## MATERIAL PROVIDED
+ + + + + + +

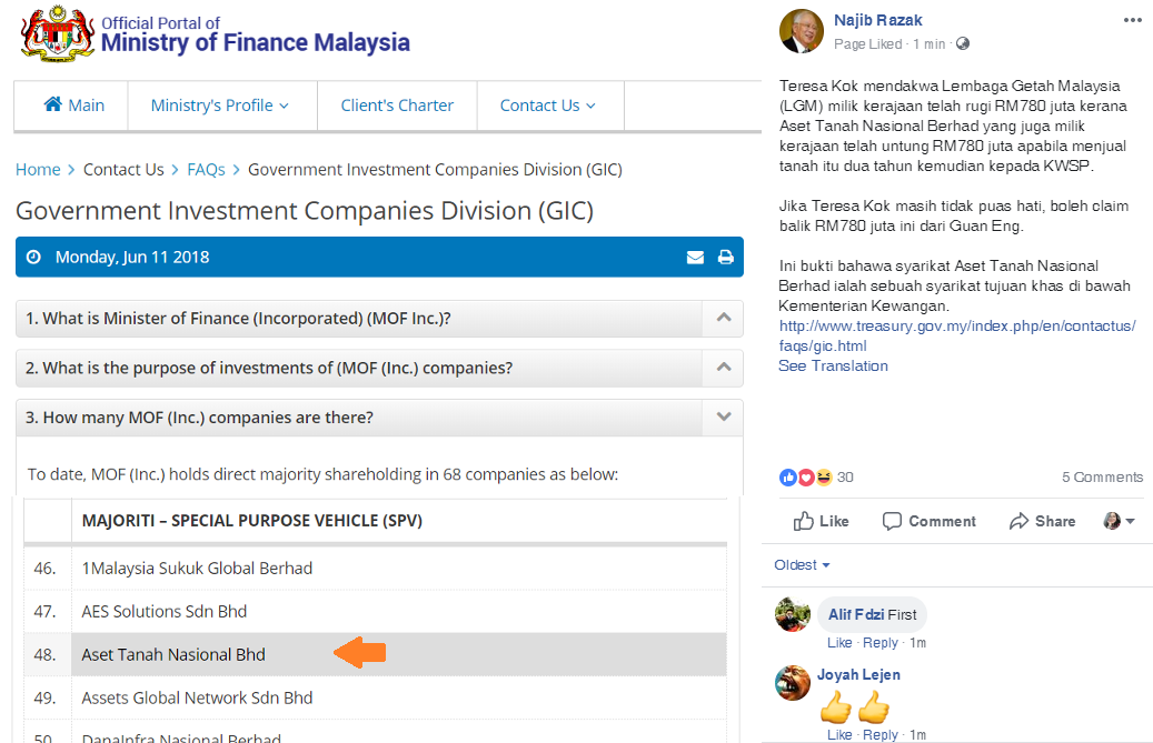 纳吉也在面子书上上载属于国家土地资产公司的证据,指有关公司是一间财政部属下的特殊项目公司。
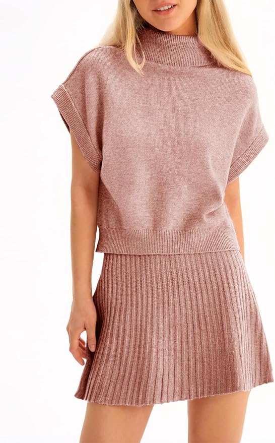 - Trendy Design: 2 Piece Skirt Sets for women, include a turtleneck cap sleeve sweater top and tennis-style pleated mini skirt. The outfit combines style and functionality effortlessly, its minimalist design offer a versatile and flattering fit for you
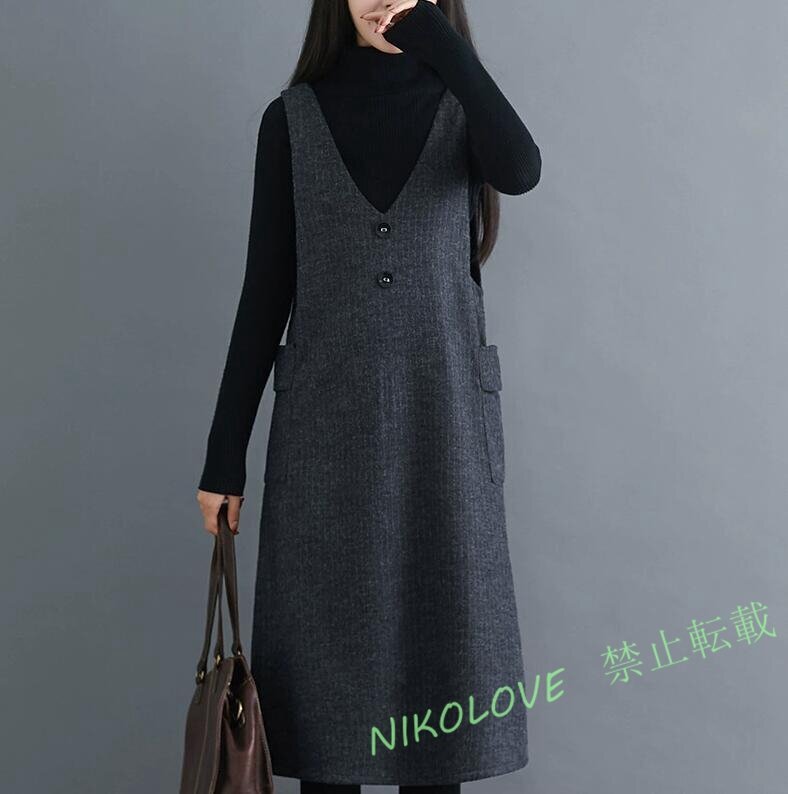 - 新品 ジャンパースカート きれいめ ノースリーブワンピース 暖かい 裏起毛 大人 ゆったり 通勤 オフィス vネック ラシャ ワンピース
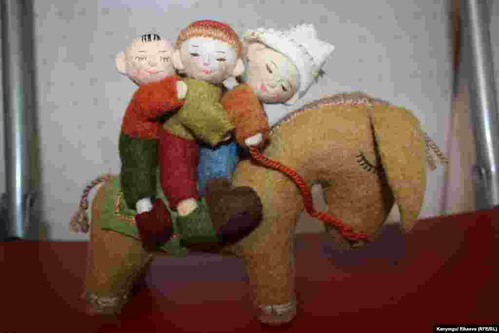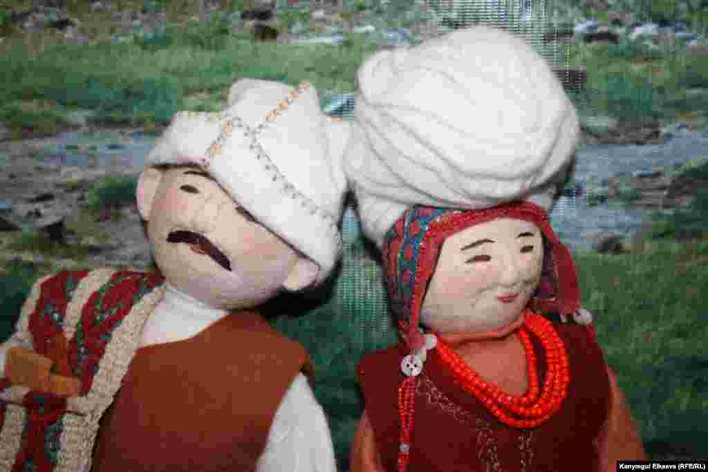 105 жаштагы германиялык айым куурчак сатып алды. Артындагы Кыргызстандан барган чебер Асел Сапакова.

+ + + + + + +

## HOW TO COMPLETE THIS TASK
Write the data above out again exactly, every line of it, and exclude the pictures.

## ANSWER
 纳吉也在面子书上上载属于国家土地资产公司的证据,指有关公司是一间财政部属下的特殊项目公司。
 - Trendy Design: 2 Piece Skirt Sets for women, include a turtleneck cap sleeve sweater top and tennis-style pleated mini skirt. The outfit combines style and functionality effortlessly, its minimalist design offer a versatile and flattering fit for you
 - 新品 ジャンパースカート きれいめ ノースリーブワンピース 暖かい 裏起毛 大人 ゆったり 通勤 オフィス vネック ラシャ ワンピース
 105 жаштагы германиялык айым куурчак сатып алды. Артындагы Кыргызстандан барган чебер Асел Сапакова.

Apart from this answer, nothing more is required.